Таким образом, против самой правительницы у устраненного из кабинета фельдмаршала не могло быть уже особенного неудовольствия. Вдохновитель же Антона-Ульриха, Остерман, остался как бы вовсе в стороне. С этого времени никто не стоял уже на его пути. Номинально государством правила принцесса Анна, в действительности же регентствовал Остерман. На смену бироновщины, наступила остермановщина, далеко не столь жестокая, конечно, но столь же чуждая всему русскому.
Глава тринадцатая
СКАЗКА О СПЯЩЕЙ ЦАРЕВНЕ
Сама правительница почти не испытывала на себе отрицательных сторон остермановщины, государственными заботами ее беспокоили лишь постольку, поскольку для проведения какой-либо коренной реформы или для исполнения судебного приговора требовалась ее санкция и собственноручная резолюция. Каждое такое дело докладывалось ей, правда, на словах, но то была одна формальность: слушала принцесса, как говорится, краем уха и, зевая в руку, нередко прерывала доклад совсем не идущими к делу вопросами. Очевидно, мысли ее витали еще в пределах того рыцарского романа, при чтении которого застал ее докладчик. По окончании же доклада она со вздохом облегчения располагалась на одной из своих четырех кроватей и раскрывала опять свой роман. Но и тут мысли ее не надолго сосредоточивались на фантазиях автора: дочитает главу и зажмурит глаза, чтобы предаться собственным уже грезам.
Среди этих фантазий и грез, как в сказочном дворце спящей царевны, жизнь кругом как бы замерла. Великий пост в 1741 году начался очень рано — 9 февраля, а потому о каких-либо придворных балах и спектаклях не было и помину. По вечерам устраивалась карточная партия, но в самом тесном кругу.
Между тем среди этой наружной тишины в придворном мире начали ходить разные тревожные слухи. Чуткая к ним наперсница принцессы, Юлиана Менгден, не преминула обратить на них внимание своей госпожи:
— Позвольте, ваше высочество, занять вас сегодня немножко политикой…
— Опять эта политика! Политика! Политика! — проговорила Анна Леопольдовна скучающим тоном, и мускулы рта ее невольно подернуло зевотой. — Это буря в стакане воды.
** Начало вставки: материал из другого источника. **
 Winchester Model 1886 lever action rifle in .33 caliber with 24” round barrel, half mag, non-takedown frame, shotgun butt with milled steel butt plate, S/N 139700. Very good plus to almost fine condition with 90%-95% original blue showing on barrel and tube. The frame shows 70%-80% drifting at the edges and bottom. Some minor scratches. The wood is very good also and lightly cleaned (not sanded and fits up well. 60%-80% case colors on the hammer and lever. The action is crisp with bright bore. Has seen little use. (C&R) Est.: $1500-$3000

— А наша жизнь теперь что такое? Стакан воды без бури. Но, не дай Бог, если вдруг налетать буря и опрокинет весь стакан!
— Ты, милая Юлиана, начинаешь, кажется, тоже фантазировать. Откуда взяться у нас буре?
— А ваше высочество не находите разве странным, что цесаревна Елизавета третий месяц уже к нам глаз не кажет?
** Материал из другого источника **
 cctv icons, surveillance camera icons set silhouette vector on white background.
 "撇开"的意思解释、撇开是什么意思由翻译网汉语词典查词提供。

— Что же в этом странного? Ей, как и мне, в Великом посту не до развлечений, она охотнее сидит дома…
— То-то вот, что она каждый день, слышно, разъезжает по гвардейским казармам, беседует с солдатами запросто как родная мать, угощает их, обдаривает их жен, крестит у них детей, и вся гвардия давно уже величает ее не иначе как матушкой-цесаревной.
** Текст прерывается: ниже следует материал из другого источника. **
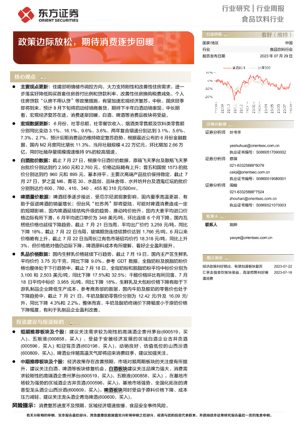 【东方证券】【20230729】20230729-东方证券-食品饮料行业周报:政策边际放松,期待消费逐步回暖-12页

— Да, она умеет привлекать к себе все сердца.
— И отвлекать от вас.
— Ты что этим хочешь сказать, Юлиана?
— Цесаревна, ваше высочество, не забудьте, дочь Петра Великого…
— А я — внучка его старшего брата! Нет, она-то против меня наверное ничего не предпримет.
— Нет дыма без огня. Недаром супруг ваш намерен, говорят, заточить ее в монастырь.
— Опять эти глупые придворные сплетни! Да если бы у него и явилась такая дикая мысль, то я этого ни за что не допущу.